When I took a close look at that TOC, I saw the K-12 math curriculum we require every student today to master. I was awestruck. The math we teach our students today is the math Leonardo defined to meet the needs of medieval traders and bankers. It was not “basic.” It was not fundamental. It was the math needed and designed for 13th century business. It is obsolete! Business today does not use most of it and has no need for most of it. Do our children need to learn “long division”?

Since the invention of the personal computer spreadsheet in 1979, business has focused on the math of functions and not of solving equations with machines calculating we no longer require pencil and paper algorithms to do arithmetic. I have been a math educator for over 40 years and not only did it finally dawn on me that much of the math we teach is no longer necessary, but that the math we should be teaching, the math our students will need to learn and use, is the math of spreadsheets and not the math of Leonardo.

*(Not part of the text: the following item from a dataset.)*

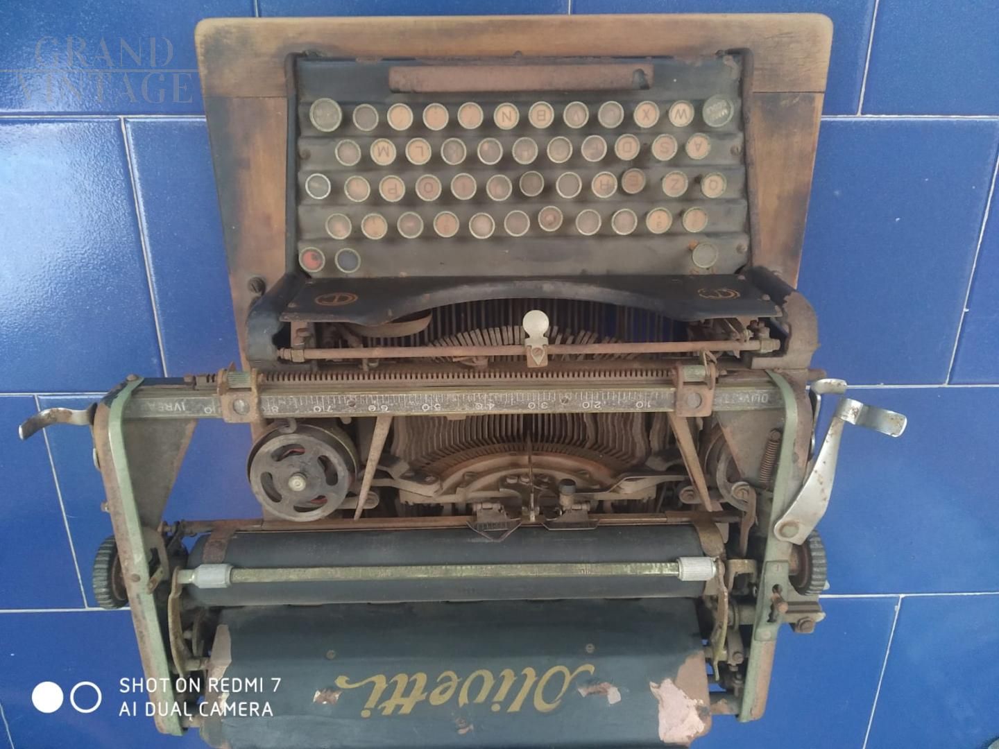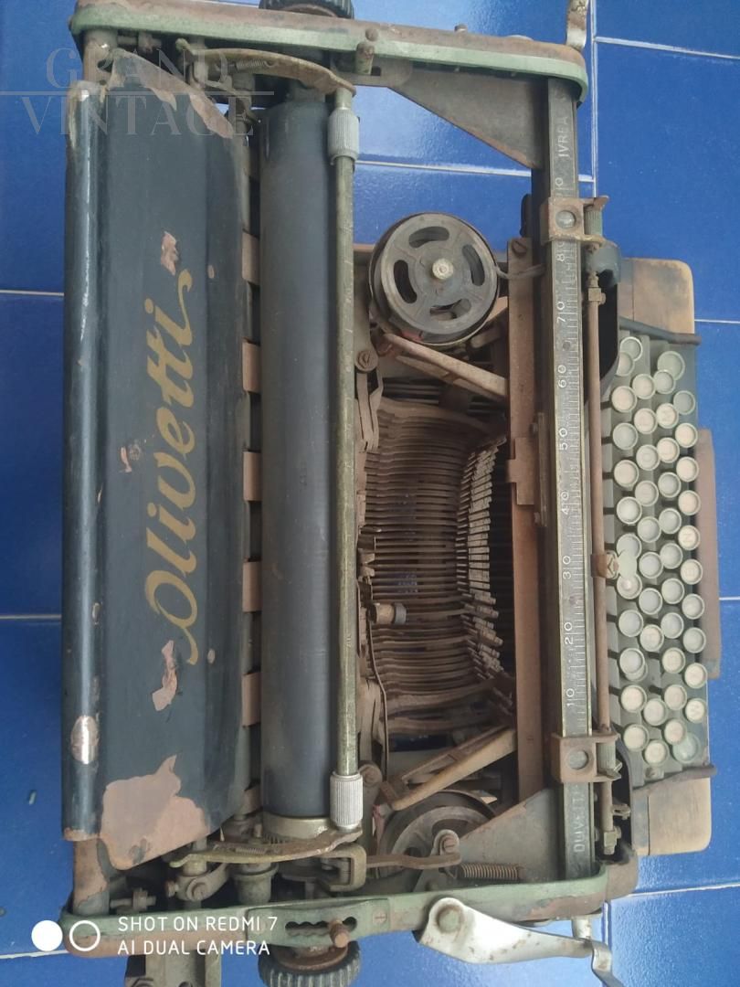 Precious century-old Olivetti M20 typewriter, with wooden support. To be kept in its current state as an enchanting antique object or, if you prefer, to be restored to restore its original functionality and aesthetics.

I started working with some wonderful friends to think about what this reinvention of mathematics education would look like. Peter Mili a truly great math teacher, Larry Reeves my longtime collaborator, George Blakeslee my educational mentor, Steve Bayle my technology mentor and one of the spreadsheet pioneers, my sons Brenan and Arran, and wonderful other friends who helped us think through and grow these ideas.

We developed our first version of What if Math two years ago as case studies for problem-based-learning. They were difficult to develop and difficult to use. Last fall I started making some spreadsheets for my friend Megan Peterson to try in her 2nd grade classrooms, and in January my friend, Craig Kelley, after seeing those primitive lessons, challenged me during one of our many breakfasts and lunches talking about the future of education. “I get the need, but if you want me to believe in a spreadsheet-based curriculum you need to show me what a 2nd grade curriculum would look like.”

I took up Craig’s challenge and over the past year months we have been developing these lessons for, by, and on spreadsheets. We have more than 60, spread across the curriculum to serve as models for many more. We have another 40 in our pipeline and more in our imaginations. This summer and winter break, Ryan McQuade, still an art student at Lesley University, has made them beautiful and developed a great website to make them accessible. We give them to you at no cost to begin to build the math curriculum of the future. Our dream is to make learning mathematics a creative, challenging, and collaborative experience for every student.

I look forward to your experiences and your thoughts and hope your students get the same thrill in learning that we have experienced.